(Entries provided Opens)

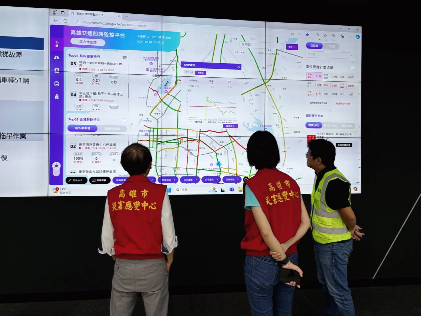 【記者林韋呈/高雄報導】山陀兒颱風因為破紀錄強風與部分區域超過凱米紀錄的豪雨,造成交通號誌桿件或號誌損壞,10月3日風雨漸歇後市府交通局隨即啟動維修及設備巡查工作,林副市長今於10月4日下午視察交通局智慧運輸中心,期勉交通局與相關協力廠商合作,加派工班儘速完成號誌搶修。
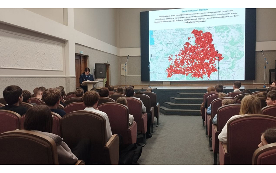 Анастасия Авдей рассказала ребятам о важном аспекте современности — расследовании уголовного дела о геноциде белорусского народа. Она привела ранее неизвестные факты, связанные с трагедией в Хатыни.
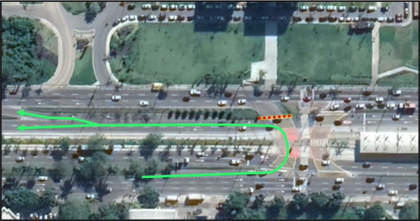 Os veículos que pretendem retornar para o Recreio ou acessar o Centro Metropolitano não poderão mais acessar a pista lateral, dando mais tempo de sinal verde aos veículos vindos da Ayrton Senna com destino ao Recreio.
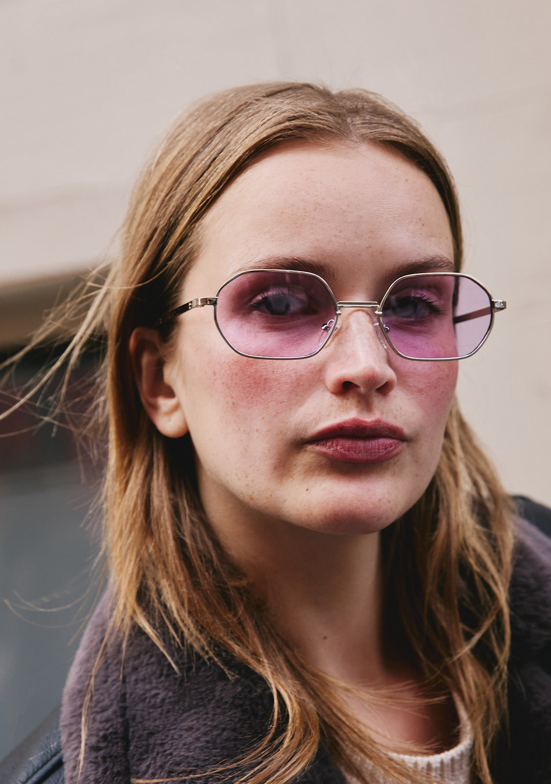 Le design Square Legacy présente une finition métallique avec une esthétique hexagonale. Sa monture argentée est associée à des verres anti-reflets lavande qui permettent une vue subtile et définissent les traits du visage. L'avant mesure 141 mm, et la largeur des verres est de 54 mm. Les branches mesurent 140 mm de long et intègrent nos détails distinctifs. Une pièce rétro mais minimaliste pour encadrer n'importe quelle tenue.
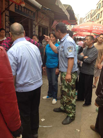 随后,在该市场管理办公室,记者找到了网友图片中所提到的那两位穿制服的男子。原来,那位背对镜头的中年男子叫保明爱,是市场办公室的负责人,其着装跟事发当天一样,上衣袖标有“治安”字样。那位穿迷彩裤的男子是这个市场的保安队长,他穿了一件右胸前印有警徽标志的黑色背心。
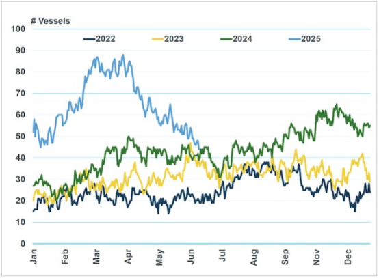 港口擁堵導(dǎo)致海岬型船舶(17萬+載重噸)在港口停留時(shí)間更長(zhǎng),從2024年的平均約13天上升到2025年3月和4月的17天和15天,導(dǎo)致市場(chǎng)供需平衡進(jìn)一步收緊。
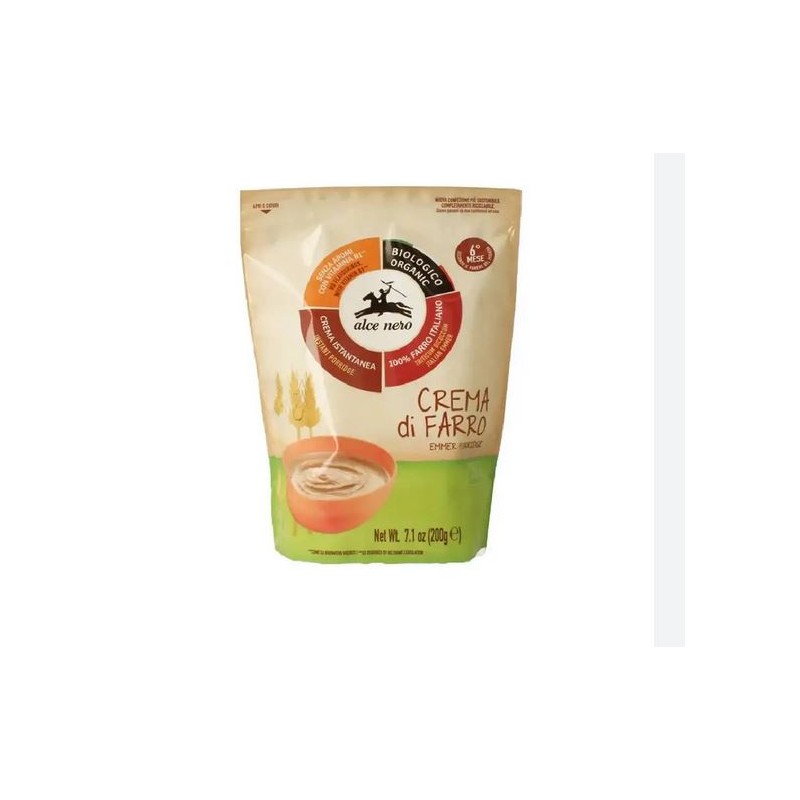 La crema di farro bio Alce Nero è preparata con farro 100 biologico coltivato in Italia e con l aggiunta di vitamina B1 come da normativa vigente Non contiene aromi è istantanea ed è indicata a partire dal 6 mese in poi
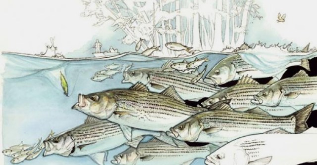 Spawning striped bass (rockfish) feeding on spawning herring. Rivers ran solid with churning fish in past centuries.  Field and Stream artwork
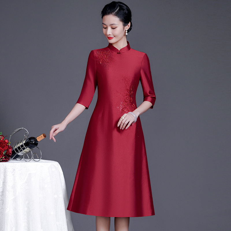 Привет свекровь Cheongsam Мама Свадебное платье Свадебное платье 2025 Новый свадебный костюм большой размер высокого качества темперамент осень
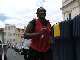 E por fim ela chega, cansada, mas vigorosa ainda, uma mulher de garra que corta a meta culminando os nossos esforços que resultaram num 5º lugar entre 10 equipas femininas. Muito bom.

(Entries provided Closes)

Task item.
Once the line holding "La crema di" is found, copy it and each later line exactly through the end of the data, leaving out the pictures.

Answer below.
 La crema di farro bio Alce Nero è preparata con farro 100 biologico coltivato in Italia e con l aggiunta di vitamina B1 come da normativa vigente Non contiene aromi è istantanea ed è indicata a partire dal 6 mese in poi
 Spawning striped bass (rockfish) feeding on spawning herring. Rivers ran solid with churning fish in past centuries.  Field and Stream artwork
 Привет свекровь Cheongsam Мама Свадебное платье Свадебное платье 2025 Новый свадебный костюм большой размер высокого качества темперамент осень
 E por fim ela chega, cansada, mas vigorosa ainda, uma mulher de garra que corta a meta culminando os nossos esforços que resultaram num 5º lugar entre 10 equipas femininas. Muito bom.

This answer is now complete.